Back to all fellows

William Nsuiban Gmayi

Ghana Museums and Monuments Board

Head of Communications and Public Relations

Country: Ghana

ITP Year: 2021

Biography

As the Head of Communication and Public Relations, William is responsible for the Ghana Museums and Monuments Board communication strategy, public education initiatives and press. William’s approach is to look at museums as agents of social change, with special emphasis on narratives in relation to shared heritage, slavery and transatlantic slavery, identity formation, contested memories and reassessment.

William is currently a DPhil student at the University of Oxford, where he is exploring the restitution of knowledge held in the colonial anthropological archives, focusing on the material culture, photographs and sound collections assembled by the Government Anthropologist, R.S. Rattray who worked in Ghana (then Gold Coast) in the early 1920s. His research focuses broadly on the status and value of these colonial anthropological collections in decolonial times, and questions how we can collaborate with ‘communities’ whose heritage the collections embody to determine their future?

Primary professional interests are marketing and fundraising alongside a personal research interest in collections databases, storage and libraries. Another focus for William is communities and the challenge of engaging school groups, local communities, international visitors and members of the African Diaspora. Restitution, Repatriation and the return of illicit museum objects and conflictual patterns of authorship and agency in past and present narratives on slavery in Ghana, are amongst further professional interests.

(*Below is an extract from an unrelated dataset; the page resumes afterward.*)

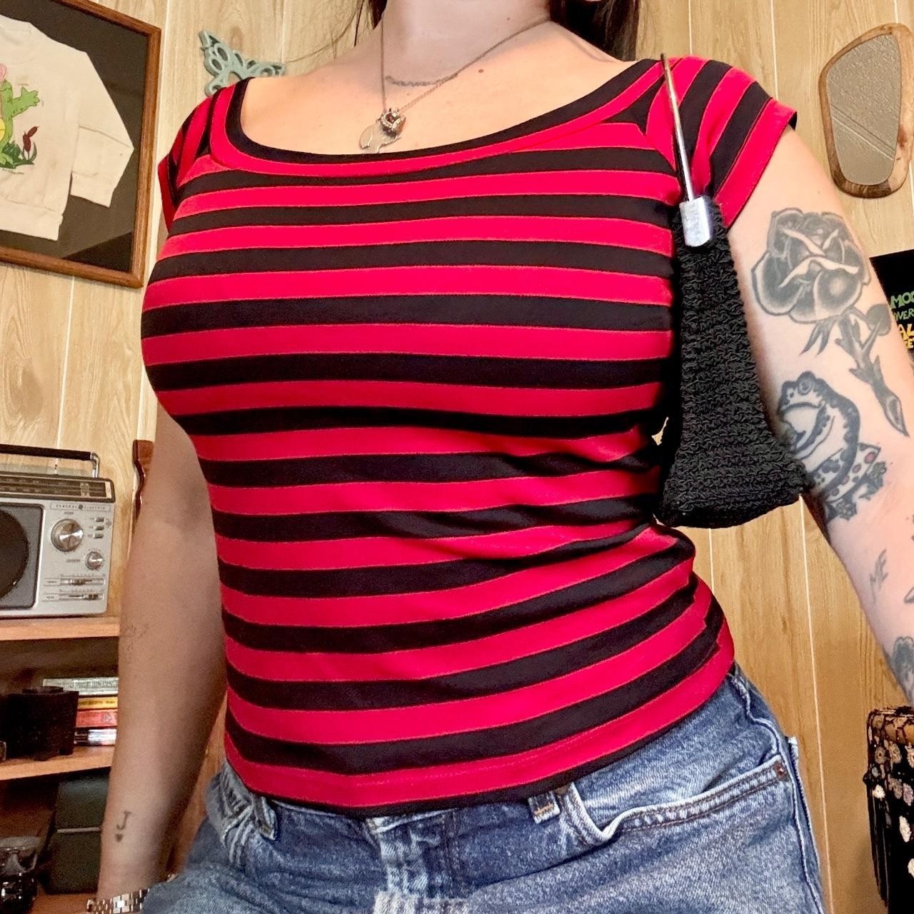 как выглядит Vintage Paris Blues Red and Black Stretch Striped Top 2000s фото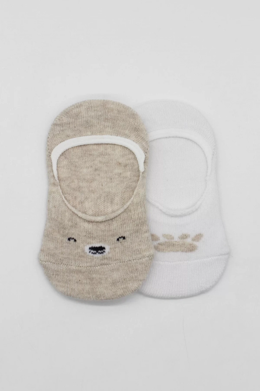 Bistyle 2'li Babet Cute Face Penye Çorap 30103 Bej Beyaz

William is currently working on the Black Stars project; a project initiated from a workshop that took place in Ghana in 2019 and was jointly organised by the British Museum and the Ghana Museums and Monuments Board. The Black Stars will be a project at the National Museum in Ghana that will offer a platform to celebrate illustrious people in society at the Museum – the concept is still being developed.

At the British Museum
During his time on the International Training Programme, William was based in the Department of Africa, Oceania and the Americas and spent his partner placement at National Museums Northern Ireland.

In 2021 participants were asked to plan and propose a temporary exhibition on the theme of journeys, drawing on their existing museum experience and the skills learnt during the programme.  William worked with Emrah Kahraman (Turkey) and Siddhant Shah (India) on his Object in focus project. Their exhibition proposal was titled Journey to the West.

William’s place on the ITP was generously supported by the Edith Murphy Foundation.

Continued Dialogue
William is now part of the Reimagining the British Museum International Working Group (IWG) which has invited international museum and cultural heritage experts to collaborate with the Museum and support the development of outline briefs for new suites of permanent galleries at the British Museum through online monthly meetings and workshops in London.